▸ **INSTRUCTIONS TO FOLLOW**
In the entries below, find the line with "6. (沪科版八年级 P225" and the line with "2025年7月25日,位于河"; reproduce those two lines and all lines between them exactly, without pictures.

[Stored data entries]

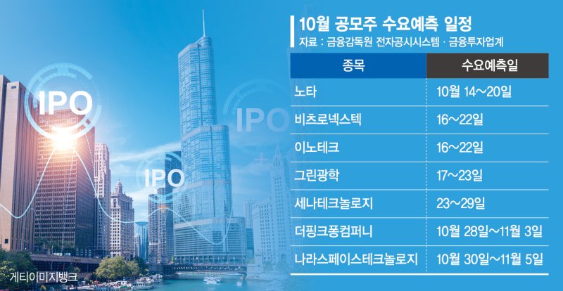 한편, 증권가에서는 10월을 기점으로 IPO 시장의 성수기가 본격화될 것으로 보고 있다. 통상 4·4분기에는 연내 상장을 목표로 하는 기업들의 수요가 몰린다.
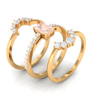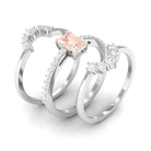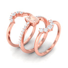 Real Morganite Solitaire Trio Ring Set with Diamond
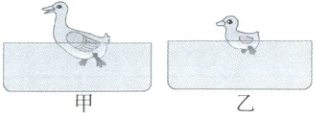 6. (沪科版八年级 P225 作业 3 题改编) 如图所示,水平桌面上两个相同的玻璃缸装满了水,水中分别漂着大、小两只玩具鸭,甲、乙两图中水对缸底的压强分别为$p_1$、$p_2$,缸对桌面的压强分别为$p'_1$
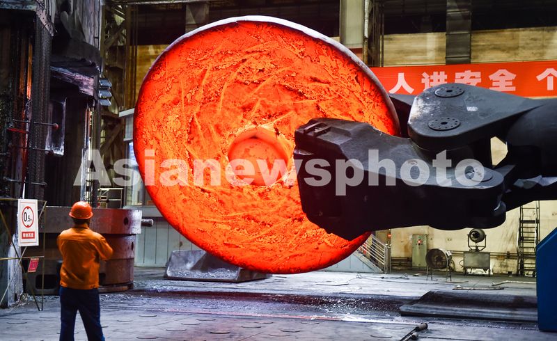 2025年7月25日,位于河南省洛阳市涧西区的中信重工锻压车间内,工人正在锻压一批直径超6米的超大型高端铸锻件产品。
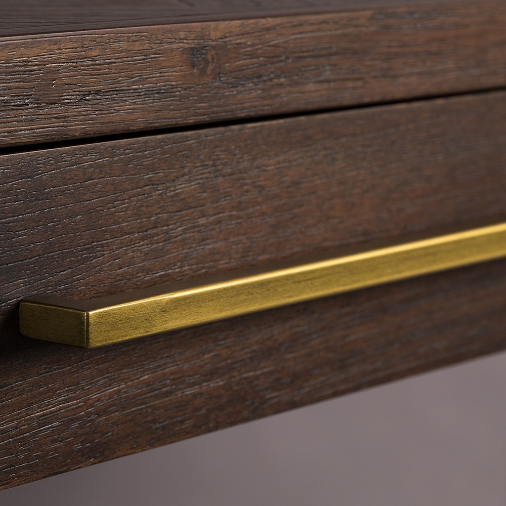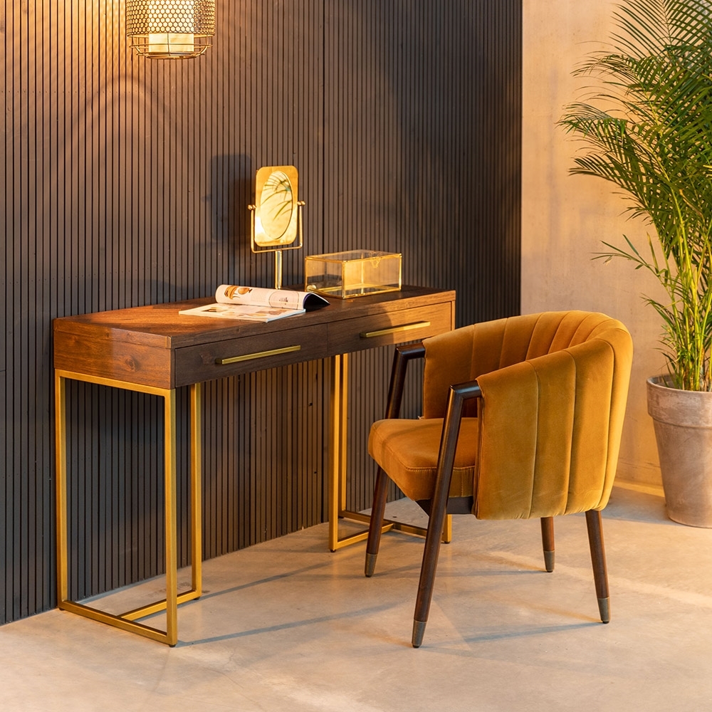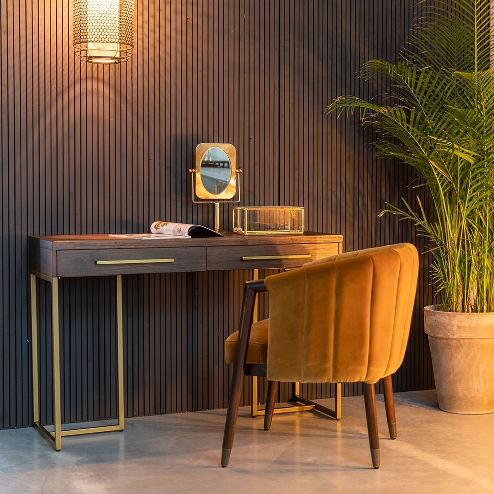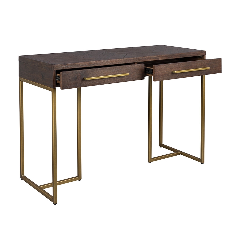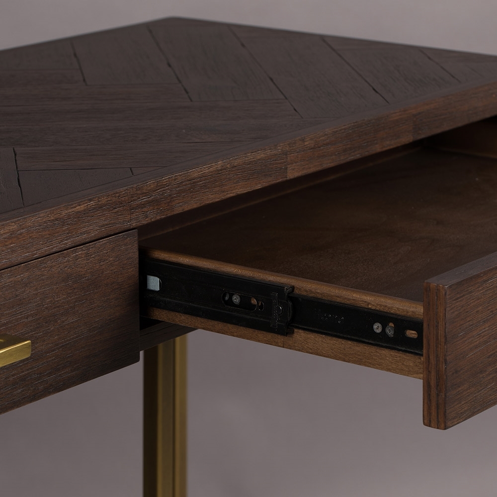 Add some extra storage to your hallway with the Class Console Table from Dutchbone, this stylish table will be the perfect spot to pop your keys as you walk through the door. Finished with a dark acacia wood veneer and a stunning herringbone pattern tabletop, wherever you choose to use Class it is sure to add a retro feel whilst the antique brass details add a touch of elegance. Place in the hallway, living room or even use as a desk, with two drawers it will be ideal for holding all those knick knacks. Pair with other pieces from the Class range to create a gorgeous look throughout your home.

▸ **SOLUTION TO THE EXERCISE**
 6. (沪科版八年级 P225 作业 3 题改编) 如图所示,水平桌面上两个相同的玻璃缸装满了水,水中分别漂着大、小两只玩具鸭,甲、乙两图中水对缸底的压强分别为$p_1$、$p_2$,缸对桌面的压强分别为$p'_1$
 2025年7月25日,位于河南省洛阳市涧西区的中信重工锻压车间内,工人正在锻压一批直径超6米的超大型高端铸锻件产品。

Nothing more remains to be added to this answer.